Ping Liao1†
Md Sahidul Islam
Xin Chen- 1Institute of Chinese Medical Sciences, State Key Laboratory of Quality Research in Chinese Medicine, University of Macau, Macao, Macao SAR, China
- 2Department of Pharmceutical Sciences, Faculty of Health Sciences, University of Macau, Macao, Macao SAR, China
- 3MoE Frontiers Science Center for Precision Oncology, University of Macau, Macao, Macao SAR, China
- 4Guangdong-Hong Kong-Macau Joint Lab on Chinese Medicine and Immune Disease Research, Macao, Macao SAR, China
Immune checkpoint inhibitors (ICIs) by targeting PD-1/PD-L1 or CTLA-4 have markedly improved the outcome of cancer patients. However, most solid tumor patients can’t benefit from such therapy. Identification of novel biomarkers to predict the responses of ICIs is crucial to enhance their therapeutic efficacy.
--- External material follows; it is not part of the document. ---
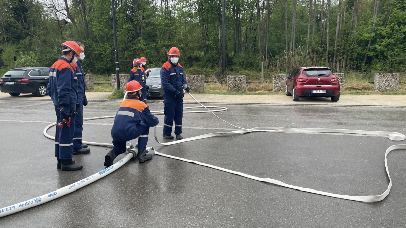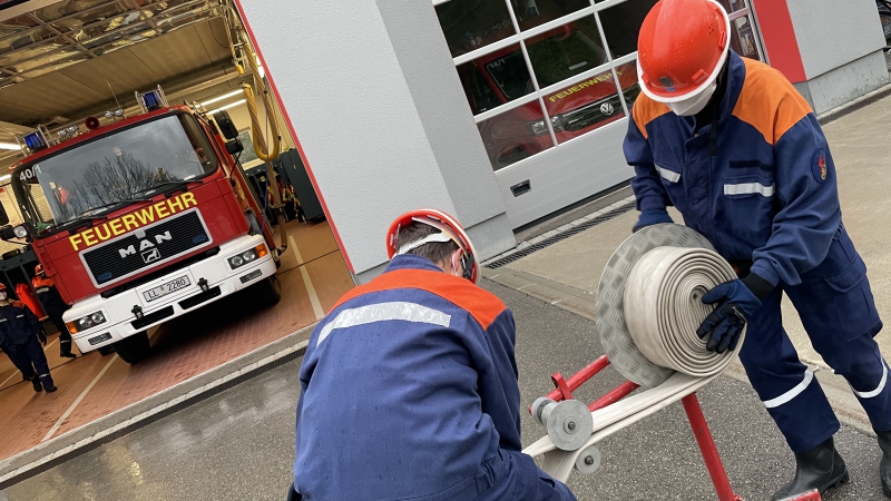 Drei Trupps, ein Melder und ein „Maschinist“ konnten die Abläufe des Löschaufbaus üben und ein Gefühl für den Umgang mit den Gerätschaften bekommen.

TNFR2 is highly expressed by the maximally immunosuppressive subset of CD4+Foxp3+ regulatory T cells (Tregs), especially those present in tumor microenvironment (TME). Since Tregs represent a major cellular mechanism in tumor immune evasion, TNFR2 may be a useful biomarker to predict the responses to ICIs therapy. This notion is supported by our analysis of the computational tumor immune dysfunction and exclusion (TIDE) framework from published single-cell RNA-seq data of pan-cancer databases. The results show that, as expected, TNFR2 is highly expressed by tumor-infiltrating Tregs. Interestingly, TNFR2 is also expressed by the exhausted CD8 T cells in breast cancer (BRCA), hepatocellular carcinoma (HCC), lung squamous cell carcinoma (LUSC), and melanoma (MELA). Importantly, high expression of TNFR2 is associated with poor responses to the treatment with ICIs in BRCA, HCC, LUSC, and MELA. In conclusion, the expression of TNFR2 in TME may be a reliable biomarker for the precision of ICIs treatment of cancer patients, and this idea merits further research.
Introduction
The development of immune checkpoint inhibitors (ICIs) by targeting CTLA-4, PD-1 or PD-L1 has now revolutionized cancer treatment (1–3). ICIs interrupt co-inhibitory signaling pathways and relieve or overcome tumor-induced immunosuppression, thereby reinvigorating anti-tumor immune responses (2, 4). Despite the outcomes being promising, the majority of patients cannot derive the benefits from PD-1/PD-L1 and CTLA-4 inhibitors therapy, due to low response rates and immune-related adverse events (irAEs) (5–8). The onset of irAEs is highly unpredictable, severe, and sometimes even fatal. The identification of novel biomarkers to predict the responses of ICIs is crucial to enhance the efficacy of their treatments. Recently, a substantial number of studies have been performed to explore the potential irAE biomarkers, including cytokines/chemokines, autoantibodies, immunogenetics, and microbial biomarkers (9–13). To date, no single biomarker has been identified to precisely predict the responses in patients receiving ICIs treatment.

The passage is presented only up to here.